16 November 2015

CUHK Statistics PhD Student Wins Best Student Research Paper Award at INFORMS
First Winner From Asia Pacific Region



Pun Chi-seng, a PhD student in the Statistics programme, The Chinese University of Hong Kong (CUHK) recently won the 2015 Best Student Research Paper Award for a paper he presented at the 2015 Institute for Operations Research and the Management Sciences (INFORMS) Annual Meeting in Philadelphia, the USA. This is the first time ever a PhD student from the Asia Pacific region has won this international competition. Pun Chi-seng’s award winning paper entitled “Combined Estimation-Optimization (CEO) Approach for High Dimensional Portfolio Selection”. 

INFORMS has been sponsoring this student research contest since 2004. The contest invites postgraduate students from tertiary institutions all over the world to compete against one another in terms of research paper quality and presentation. The best four finalists are asked to present the papers at the INFORMS Annual Meeting. The first place winner receives a cash award of US$500 and an award certificate. Previous winners include PhD students from Stanford University, MIT, Columbia University, the University of Illinois at Urbana Champaign and Carnegie Mellon University. 

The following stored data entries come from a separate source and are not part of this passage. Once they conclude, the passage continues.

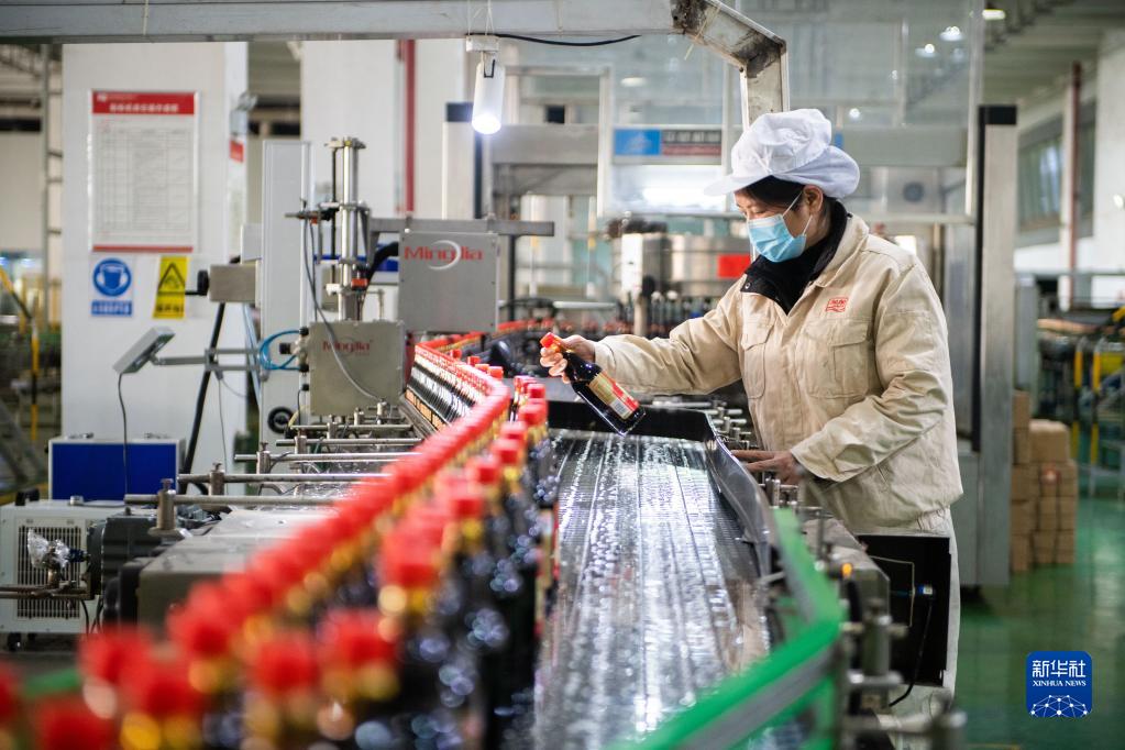 12月13日,在加加食品集團股份有限公司醬油生產車間,工作人員在檢查醬油品質。
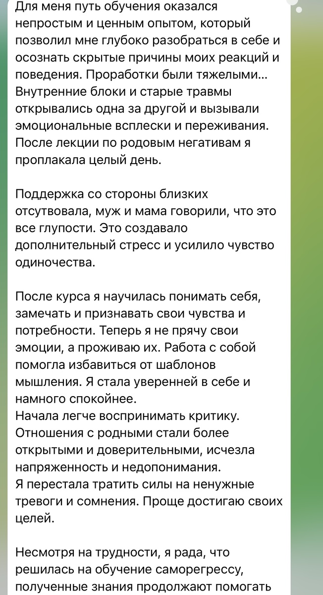 Работа с собой — это всегда нелегко… Хочу поделиться с вами замечательным отзывом ученицы первого потока курса по саморегрессам ❤️ Очень горжусь своими учениками, которые решились на изменения в своей жизни и, несмотря на трудности, твердо стоят на своем. 📌 Ознакомиться с программой курса по саморегрессам вы можете по ссылке: https://lileeva-centr.ru/samoregress Стартуем уже 25 июня 🚀
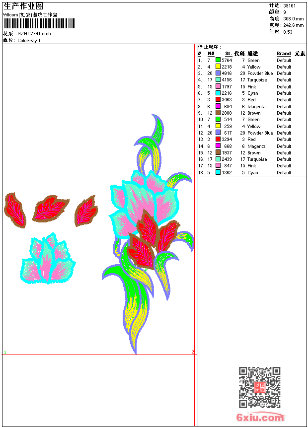 烫花单 emb花版参数: 大小:202.00 KB / 尺寸:243*308[毫米] / 针数:39161针 / 线色:9 / 格式:emb / 版本:9 版带文件需绣花软件方可打开,可配色打印导出各种格式或直接上机绣。如无绣花软件可下载1:1模拟效果图。 PNG图片信息:大小:0.7(MB) /图宽*高:918x1166(像素) emb下载 1:1图下载 关闭 相关花版: 肩花 窗帘 衣曲线叶 衣曲线叶 窗帘 衣领 烫花单 古典衣领 窗帘 鸟吉祥花 肩花 窗帘 条码 卡通裤袋 窗帘 仿绳绣 汽车卡通 裤花 裤袋 亮片 裙摆 衣领 衣领 衣领 米奇 裙摆条 几何抽象 衣领 裙摆大花 翅膀 家纺大花单针
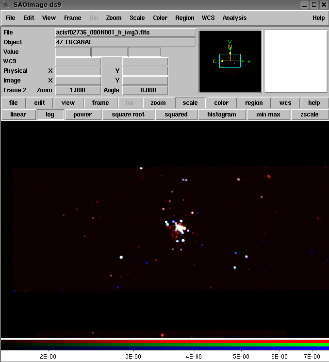 We can make a source significance cutoff in a number of ways with CSCview; we choose to download and compare the background counts images for the ObsIDs in our list, to find one with a smooth, low background. (See also the CSC significance source properties 'o.detect_significance', 'o.flux_significance', and master 'significance'.) We can examine and analyze the downloaded background images with SAOImage DS9, e.g. with the DS9 menu items "View-->Horizontal/Vertical Graph" and "Analysis-->Pixel Table".
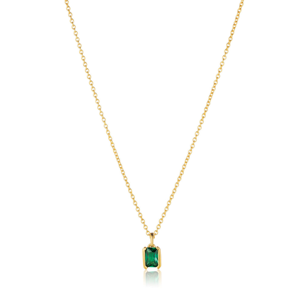 Necklace made of 18 karat gold plated 925 Sterling silver, polished surface, and hand set with emerald cut green zirconia.
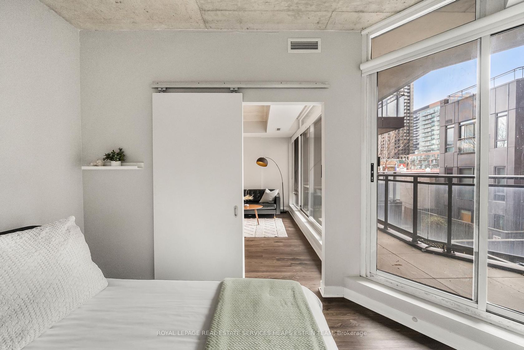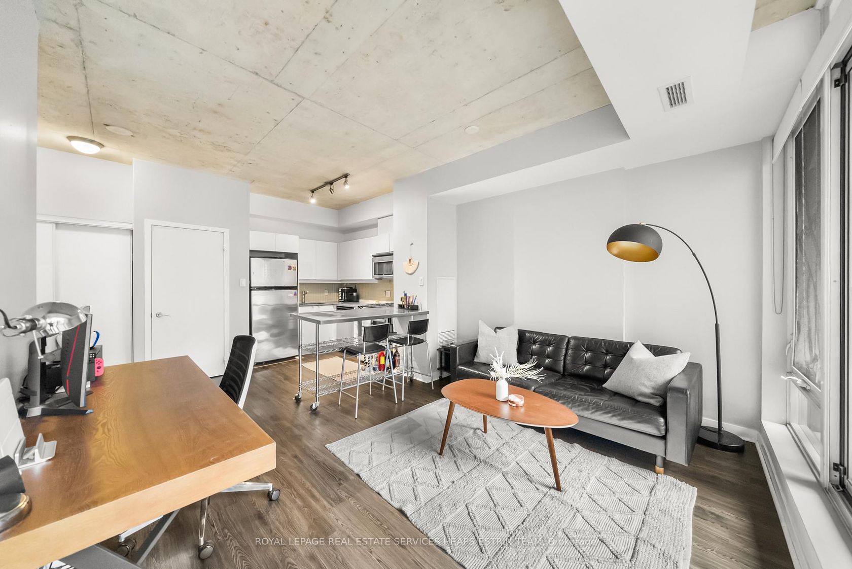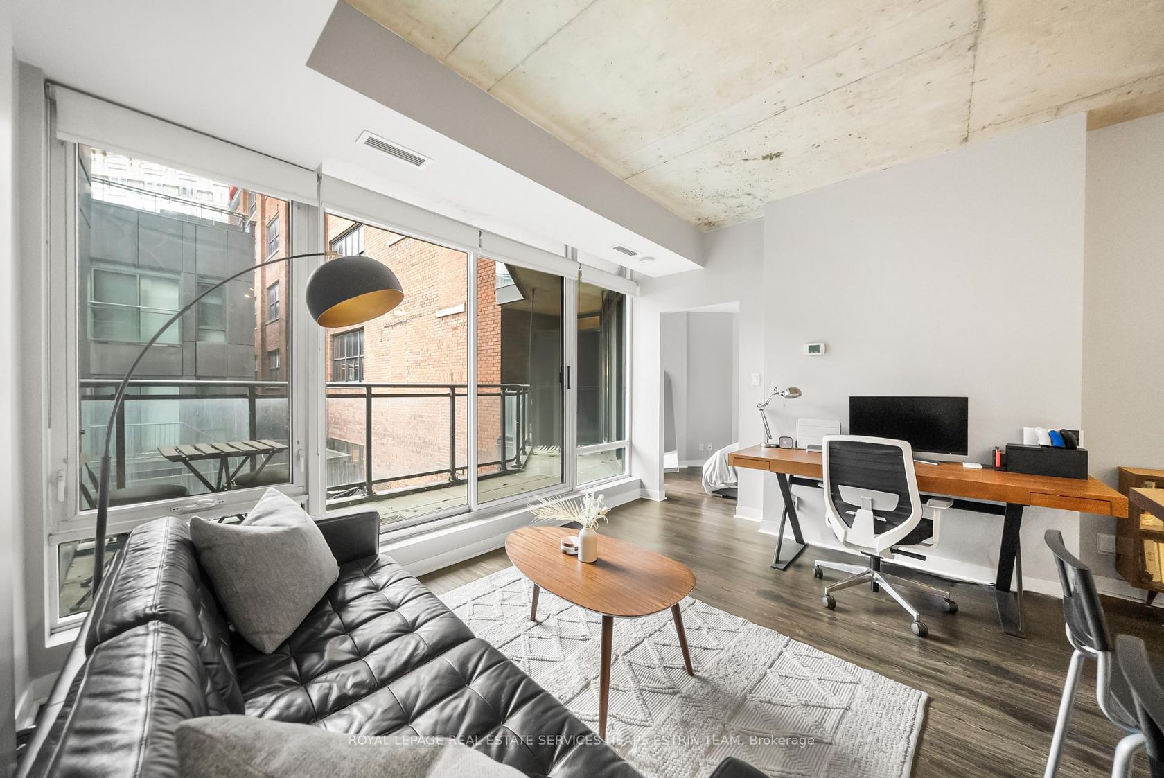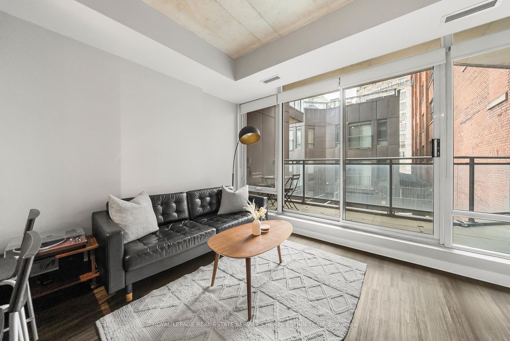 This corner one-bedroom at Glass House Lofts delivers natural light, smart flow, and a vibe that's equal parts refined and relaxed. Perched above Queen and Jarvis in a contemporary boutique building, the suite offers south-facing views framed by floor-to-ceiling windows and an expansive wraparound balcony, complete with a gas BBQ hookup for effortless entertaining. Inside, polished concrete ceilings and a monochrome palette create a sleek, modern backdrop. The open-concept kitchen features full-sized stainless steel appliances and crisp cabinetry. But it's the layout that sets this one apart: a floor plan that works. Intuitive, spacious, and surprisingly flexible. The bedroom includes a generous closet, while an oversized entryway closet adds a rare layer of storage. Tucked into the heart of downtown yet removed from the noise, you're steps to the St. Lawrence Market, St. James Park, the Financial District, and Queen East's cultural core. Clean design. Smart living. Zero compromise.
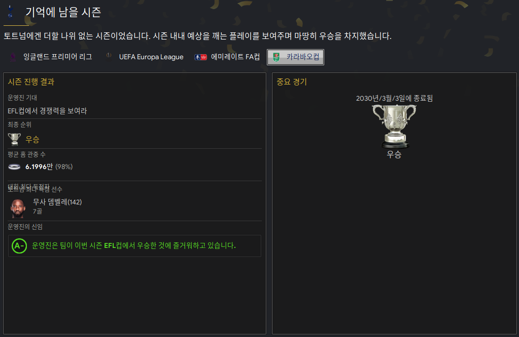 카라바오컵 연승 중이다. 이번년도까지 3년 연속인 듯 하다.
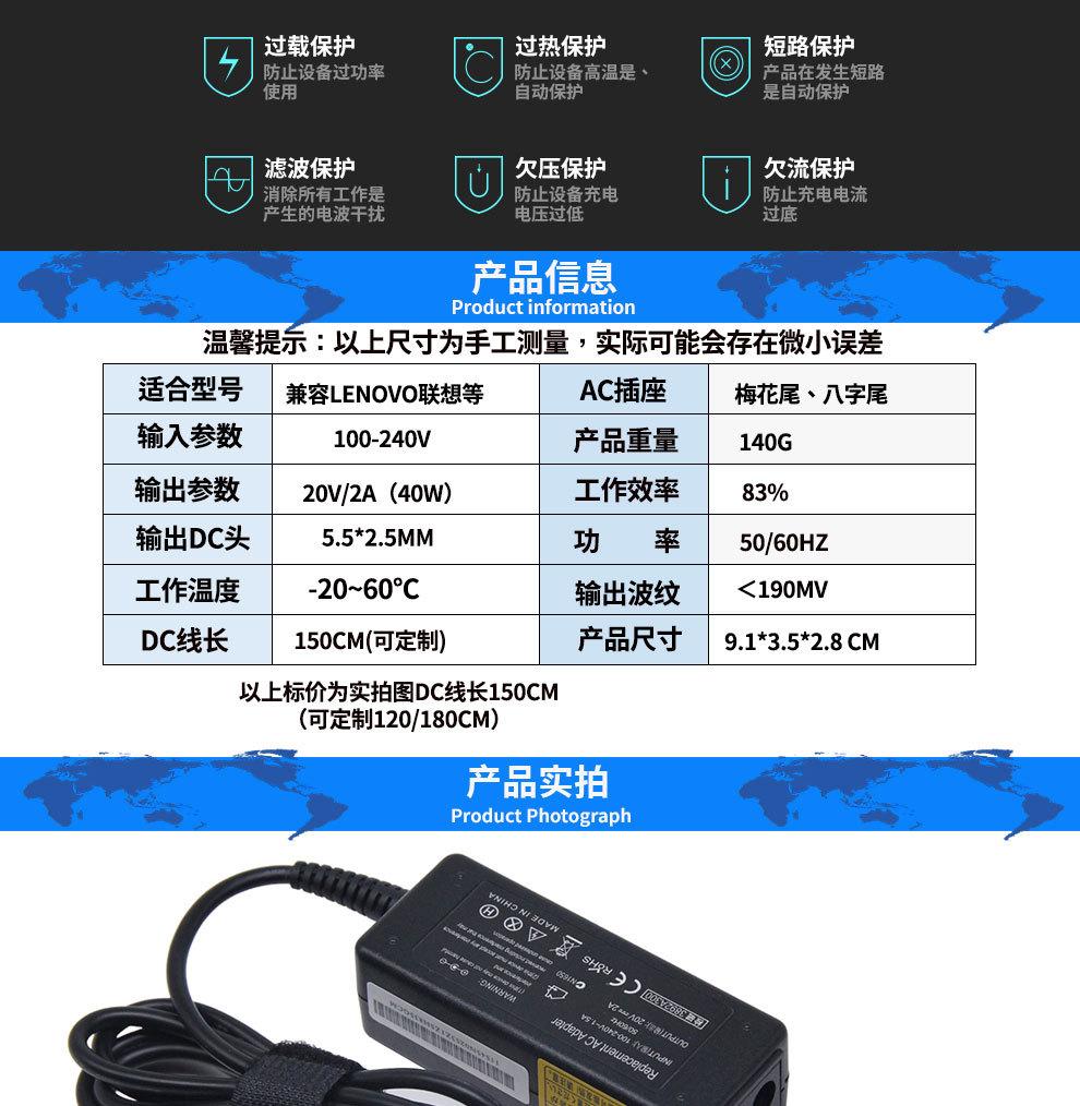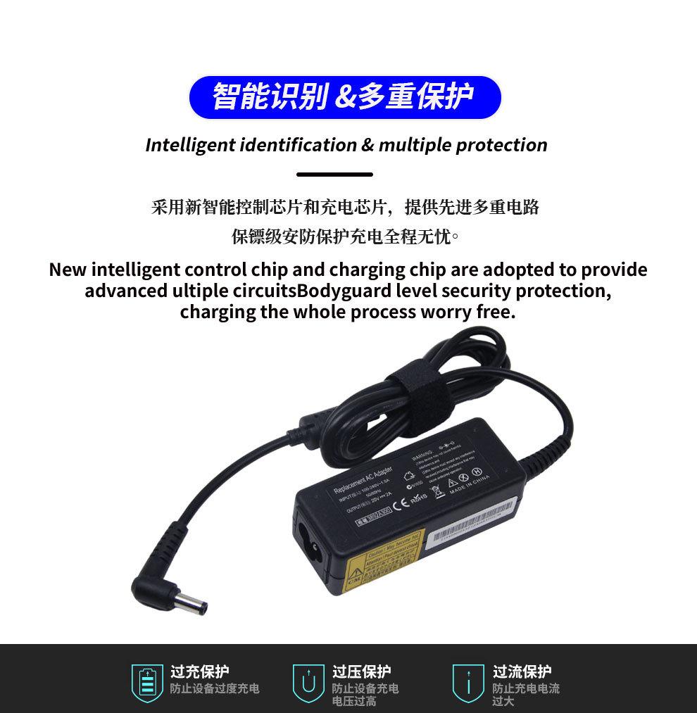 Aplicable al adaptador de corriente para portátil Lenovo 20 V 2 A 5,5 x 2,5, cargador de corriente modelo S10-2
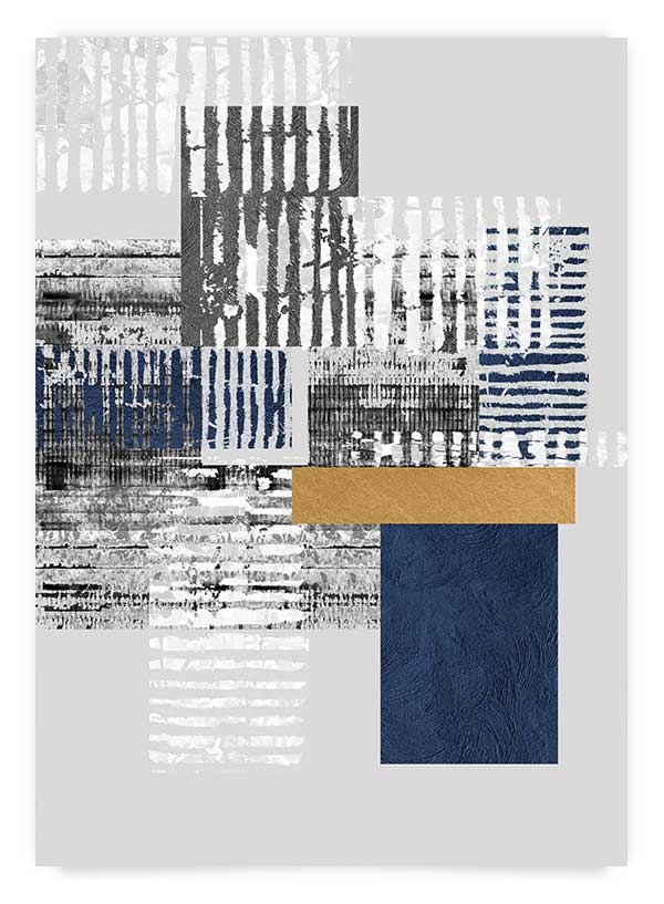 Poster elegant abstract în nuanțe de bej, bleumarin și alb. Poate fi comandat împreună cu modelele 'Modern Abstract 8' și 'Modern Abstract 9' pentru un set de 3 postere.
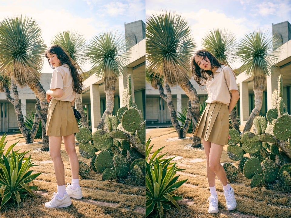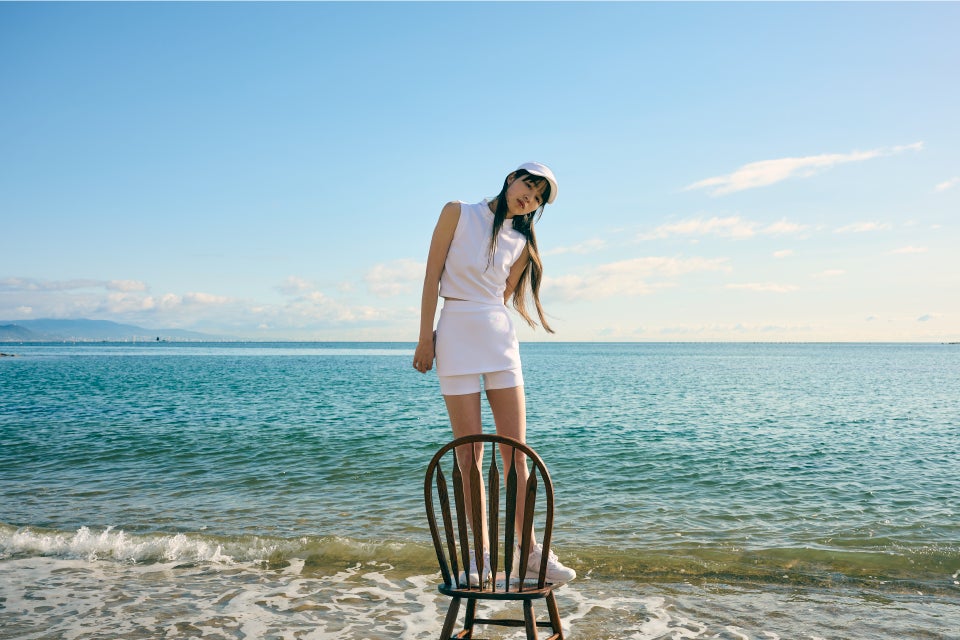 ミニマルなデザインに、メリハリのあるシルエット。機能性も考慮したスポーティな素材でありながら、モダンでフェミニンなカッティングにより、あえてゴルフらしさを削ぎ落としました。ゴルフ場で自然に溶け込むように、空、芝、土などから色選びの着想を得ています。華奢な方にもジャストフィットでご着用いただけるよう、コンパクトなサイズ感を意識しています。
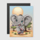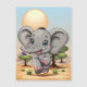ゾウかわいいベビーハッピー漫画のキャラクターがアフリカのサバンナの風景を飛び跳ねる。オリジナルベクトルイラストレーション著作権BluedarkArt TheChameleonArt.
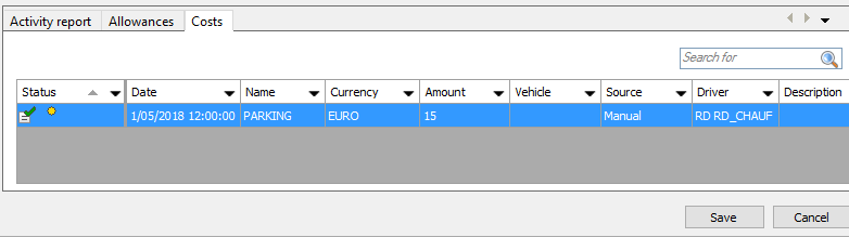 The costs table contains a detailed overview of all costs for the selection you made in the search area.

INFORMS is the largest society in the world for professionals in the field of operations research, management science, and analytics. INFORMS has held academic seminars and publishes internationally recognized academic journals, such as “Management Science”, “Organization Science” and “Information Systems Research”, to provide an academic exchange platform for professionals and scholars. 

Learn more about the 2015 Best Student Research Paper Award of INFORMS at https://www.informs.org/Community/Finance

Pun Chi-seng shows his award certificate for his research paper “Combined Estimation-Optimization (CEO) Approach for High Dimensional Portfolio Selection”.
Pun Chi-seng shows his award certificate for his research paper “Combined Estimation-Optimization (CEO) Approach for High Dimensional Portfolio Selection”.